Waiting for the final solution half an year we taken this patch as is.
Here is my comments on it. Hope, this will bring the life to the patch.

On Thu, Feb 29, 2024 at 11:12:41AM +0800, Guixin Liu wrote:
> 
> This patch implements the reservation feature, includes:
> 1. reservation register(register, unregister and replace).
> 2. reservation acquire(acquire, preempt, preempt and abort).
> 3. reservation release(release and clear).
> 4. reservation report.
> 
> And also make reservation configurable, one can set ns to support
> reservation before enable ns. The default of resv_enable is false.
> 
> Signed-off-by: Guixin Liu <kanie@linux.alibaba.com>
> ---
> @@ -550,7 +556,13 @@ static void nvmet_execute_identify_ns(struct nvmet_req *req)
>          */
>         id->nmic = NVME_NS_NMIC_SHARED;
>         id->anagrpid = cpu_to_le32(req->ns->anagrpid);
> -
> +       id->rescap = NVME_PR_SUPPORT_WRITE_EXCLUSIVE |
> +                    NVME_PR_SUPPORT_EXCLUSIVE_ACCESS |
> +                    NVME_PR_SUPPORT_WRITE_EXCLUSIVE_REG_ONLY |
> +                    NVME_PR_SUPPORT_EXCLUSIVE_ACCESS_REG_ONLY |
> +                    NVME_PR_SUPPORT_WRITE_EXCLUSIVE_ALL_REGS |
> +                    NVME_PR_SUPPORT_EXCLUSIVE_ACCESS_ALL_REGS |
> +                    NVME_PR_SUPPORT_IEKEY_VER_1_3_DEF;

You have a flag enabling PR on a namespace, so report rescap only if it
is enabled.

Also I didnot find ONCS, is it not necessarily?
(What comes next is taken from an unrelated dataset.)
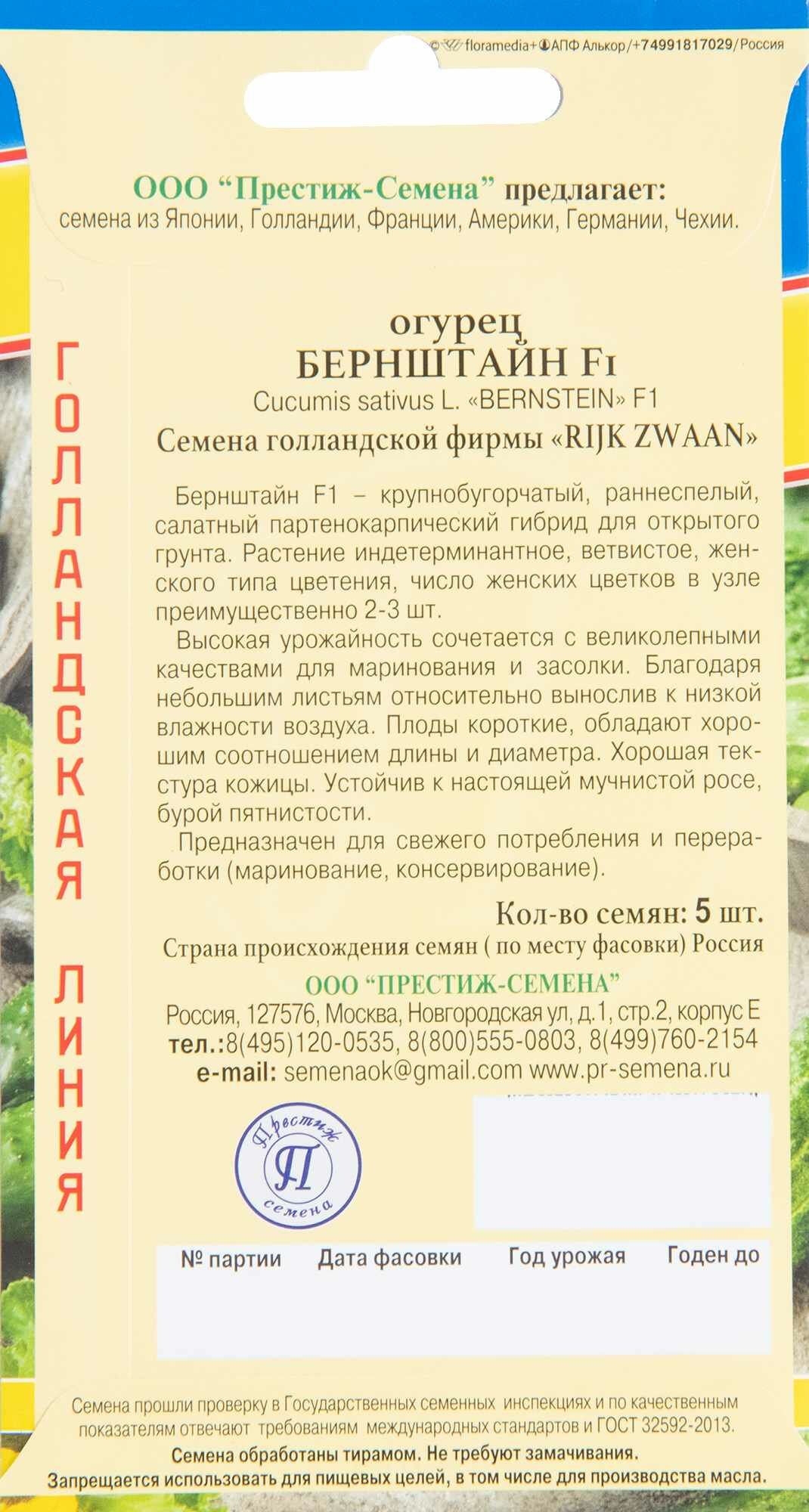 Огурец Бернштайн F1 5 шт. ПРЕСТИЖ СЕМЕНА

> +void nvmet_execute_get_log_page_resv(struct nvmet_req *req)
> +{
> +       struct nvmet_pr_log_mgr *log_mgr = &req->sq->ctrl->pr_log_mgr;
> +       struct nvme_pr_log next_log = {0};
> +       struct nvme_pr_log log = {0};
> +       u16 status = NVME_SC_SUCCESS;
> +       u64 lost_count;
> +       u64 cur_count;
> +       u64 next_count;
> +
> +       mutex_lock(&log_mgr->lock);
> +       if (!kfifo_get(&log_mgr->log_queue, &log))
> +               goto out;
> +
> +       /*
> +        * We can't get the last in kfifo.
> +        * Utilize the current count and the count from the next log to
> +        * calculate the number of lost logs, while also addressing cases
> +        * of overflow. If there is no subsequent log, the number of lost
> +        * logs is equal to the lost_count within the nvmet_pr_log_mgr.
> +        */
> +       cur_count = le64_to_cpu(log.count);
> +       if (kfifo_peek(&log_mgr->log_queue, &next_log)) {
> +               next_count = le64_to_cpu(next_log.count);
> +               if (next_count > cur_count)
> +                       lost_count = next_count - cur_count - 1;
> +               else
> +                       lost_count = U64_MAX - cur_count + next_count - 1;
> +       } else {
> +               lost_count = log_mgr->lost_count;
> +       }
> +
> +       log.count = cpu_to_le64(cur_count + lost_count);

This value should be wrapped by U64_MAX too but in reverse direction
(count is next_count-1). If == 0 then = -1.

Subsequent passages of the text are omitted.